We all have the memories and cherished stories of the first time the banjo came into our mind, and we were inspired to play. For some it was Pete Seeger, for others it was Earl Scruggs, or perhaps Bela Fleck. More recently it could have been Steve Martin or The Avett Brothers. For the 13 year old Greg Deering in 1963 it was The Kingston Trio. More specifically, their live Album Stereo Concert.
After hearing their debut self-titled album The Kingston Trio at a buddy’s house, in which Dave Guard played an S.S. Stewart banjo, Greg instantly decided he needed to get a banjo and learn to play these songs. He began saving from his paper route, and picked up as many extra routes as he could, until he had enough to buy his first banjo that same year.
The Kingston Trio are an American folk group that helped launch the folk revival of the late 1950s to late 1960s. Their first hit song, which you have likely heard, was "Tom Dooley" in 1958. The original lineup of Dave Guard, Bob Shane, and Nick Reynolds rose to international popularity, fueled by unprecedented record sales, and helped to alter the direction of popular music in the U.S.. Not Surprising, the group still ranks after half a century in the all-time lists of many of Billboard's cumulative charts, including those for most weeks with a number 1 album, most consecutive number 1 albums, and most top ten albums to name a few.
The Kingston Trio is now composed of George Grove, Bill Zorn and Rick Dougherty. Under the direction of the only surviving original member Bob Shane, now sole owner of the band, they have released original CDs and DVDs, and continue to tour extensively.
Greg & Janet Deering were out in Massachusetts recently for Banjo Camp North and had the rare opportunity to meet with the collector who owns the very S.S. Stewart banjo played by Dave Guard, and shown on the album covers of the band's fist two albums. Not only that, but Tom Guard & Josh Reynolds, the sons of Dave Guard and Nick Reynolds, also got to join them for this occasion.

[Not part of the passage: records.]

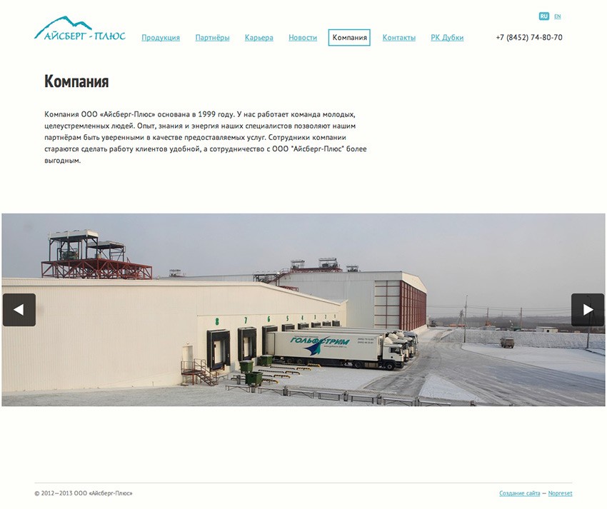 Создан простой и информативный двуязычный сайт компании. Здесь коротко описаны направления деятельности и возможности компании.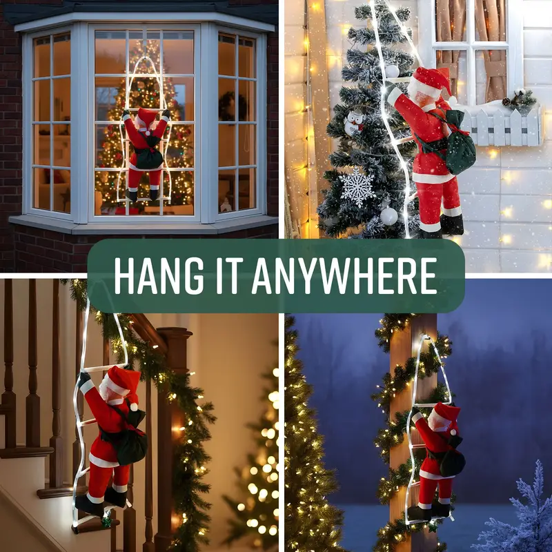 Decorate your home for the holidays with this 60cm Santa climbing rope featuring 48 LED lights and 8 lighting modes. With a 95cm height and 5m lead wire, it’s perfect for outdoor use on gardens, windows, and Christmas displays. Easy to plug in and adds festive cheer to any space.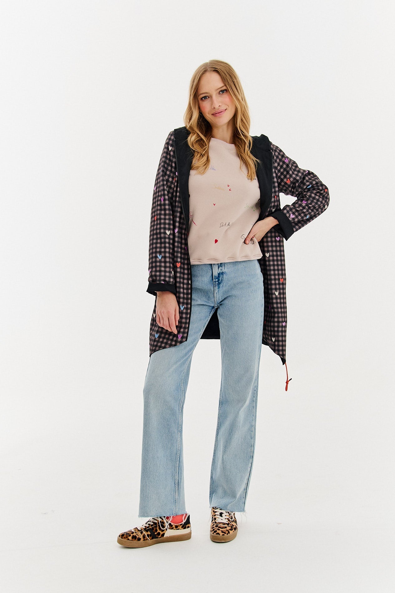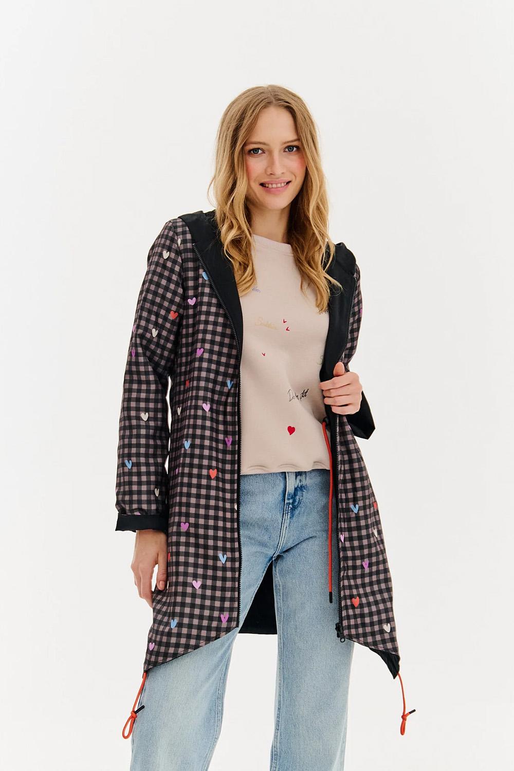 Pixel Love reversible parka is a coat that impresses with its originality and allows you to play with fashion every day. On one side, it catches the eye with an energetic checkered print broken up by colorful hearts, and on the other side, it captivates with a calm, timeless finish with an inspiring inscription on the back. It is a proposition for people who love to change their style and focus on unusual solutions.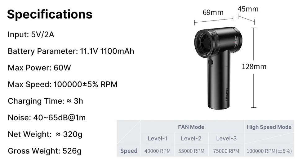 Vysavač je vybaven čtyřmi nastavitelnými rychlostmi, které umožňují přesné ovládání pro různé úklidové úkoly – od citlivého fotografického vybavení po klávesnice, komponenty počítačů a vybavení psacích stolů. Výkonný motor poskytuje otáčky v rozmezí 40 000 až 100 000 otáček za minutu, což zajišťuje efektivní úklidový výkon.
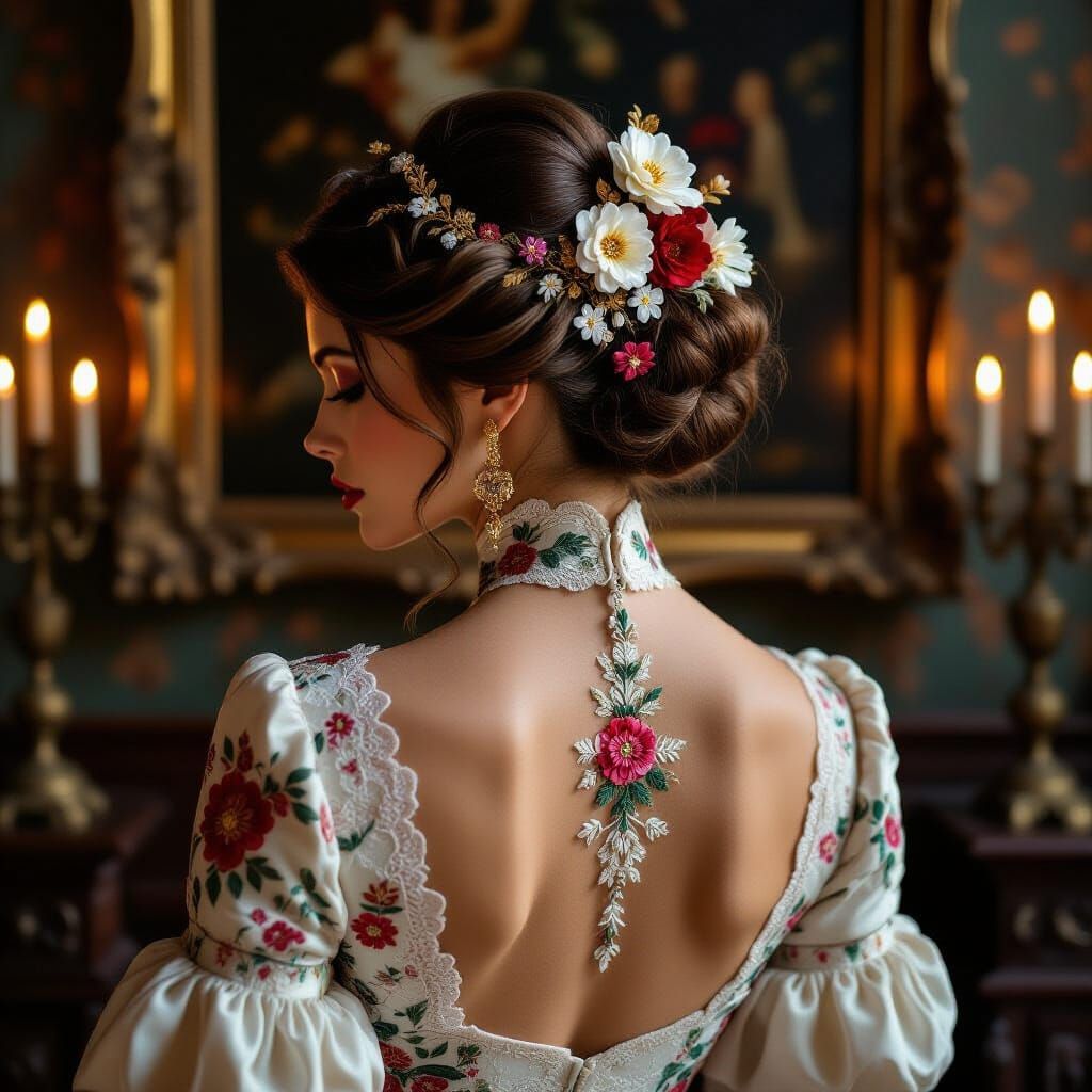 This image shows a woman with porcelain skin, viewed in profile, adorned with damask patterns and flowers in her hair. The scene, reminiscent of Baroque paintings, is set in a candle-lit chamber with Renaissance art.

As Greg put it reflecting on the moment, “I played the banjo introduction to 'Three Jolly Coachmen' and everyone in the room went 'whooow'. It was the exact sound for that song! Josh and Tom then started singing the song and I played along with them. It was pretty magical moment to play that banjo part and have it sound JUST like the record, as it was THE banjo. Just incredibly special.”